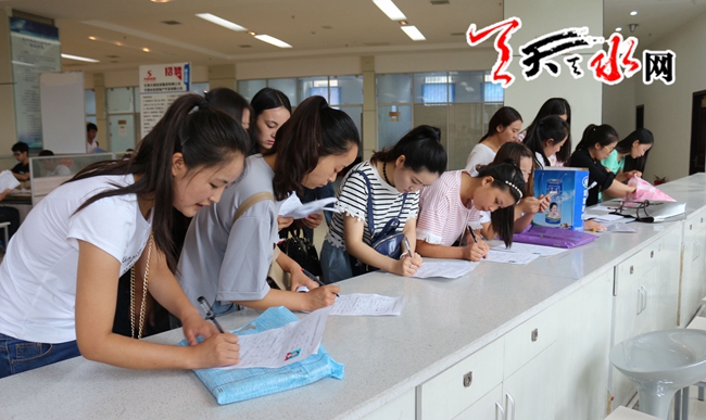 7月11日上午,在天水市人力资源市场的二楼高校毕业生报到处看到,现场人头攒动,各类高校毕业生们正忙着填写普通高校毕业生报到注册登记表,工作人员一边为他们指导,一边为他们办理报到手续。
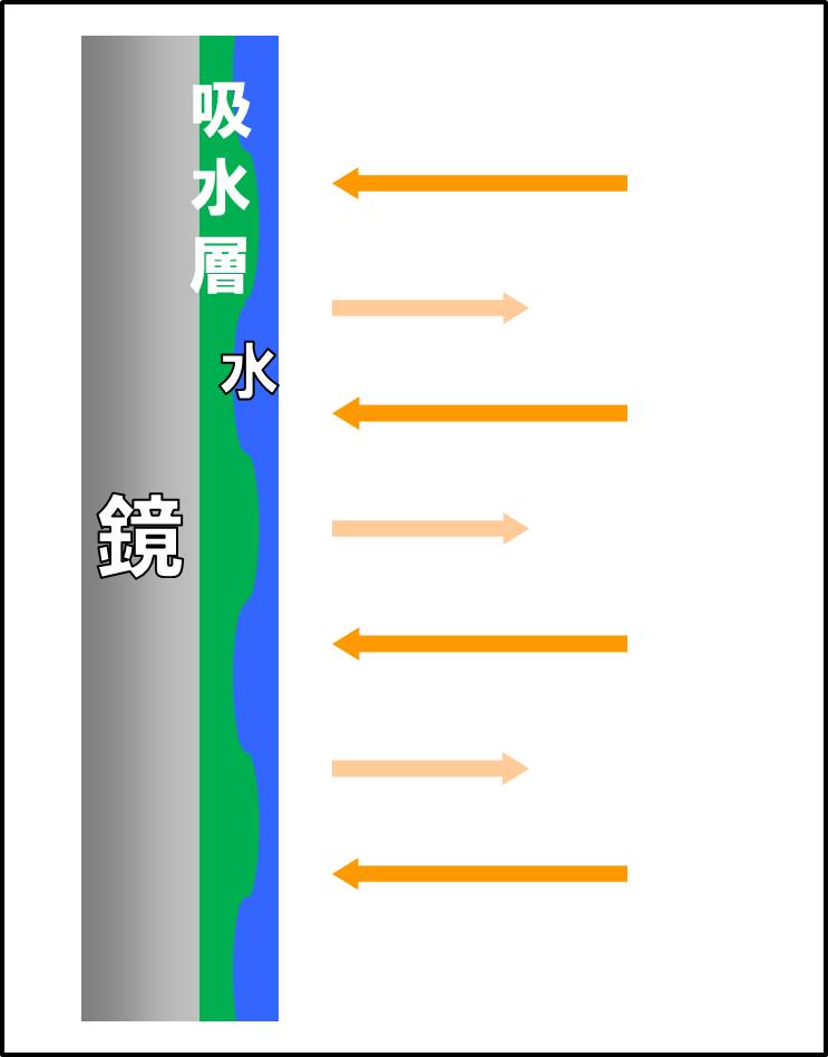 また、吸水層が鏡・ガラス表面から剥離するとも書かれていますが、これは材質次第で改善出来ます。
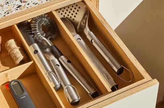 - Utensil heads retract for compact storage.
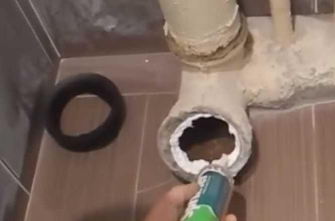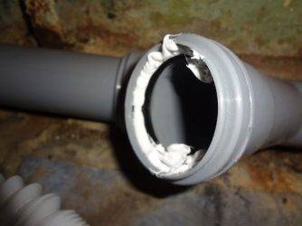 Le travail prend un minimum de temps et ne nécessite pas de compétences professionnelles. Pour l'extrusion, un pistolet de montage est utilisé. S'il n'est pas à portée de main et que le tuyau d'égout coule au niveau des joints, vous pouvez utiliser un simple marteau dont le manche servira de piston. À la fin du processus de vulcanisation, le mastic de silicone se transformera en une sorte de substance similaire aux propriétés du caoutchouc.
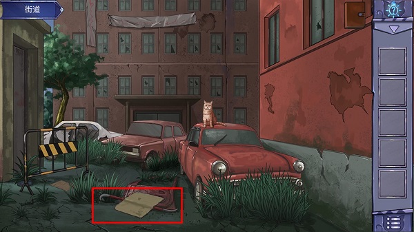 5、到了街上,注意看地上,图里标出来的这个位置有张纸和一根撬棍,都捡起来。然后顺着箭头的方向,往那栋大楼走。

→ Task details
Nothing but the lines from the first line of the listing above to the line containing "- Utensil heads retract for compact storage." should appear in the answer, each one exact and with no pictures.

→ Response box
 7月11日上午,在天水市人力资源市场的二楼高校毕业生报到处看到,现场人头攒动,各类高校毕业生们正忙着填写普通高校毕业生报到注册登记表,工作人员一边为他们指导,一边为他们办理报到手续。
 また、吸水層が鏡・ガラス表面から剥離するとも書かれていますが、これは材質次第で改善出来ます。
 - Utensil heads retract for compact storage.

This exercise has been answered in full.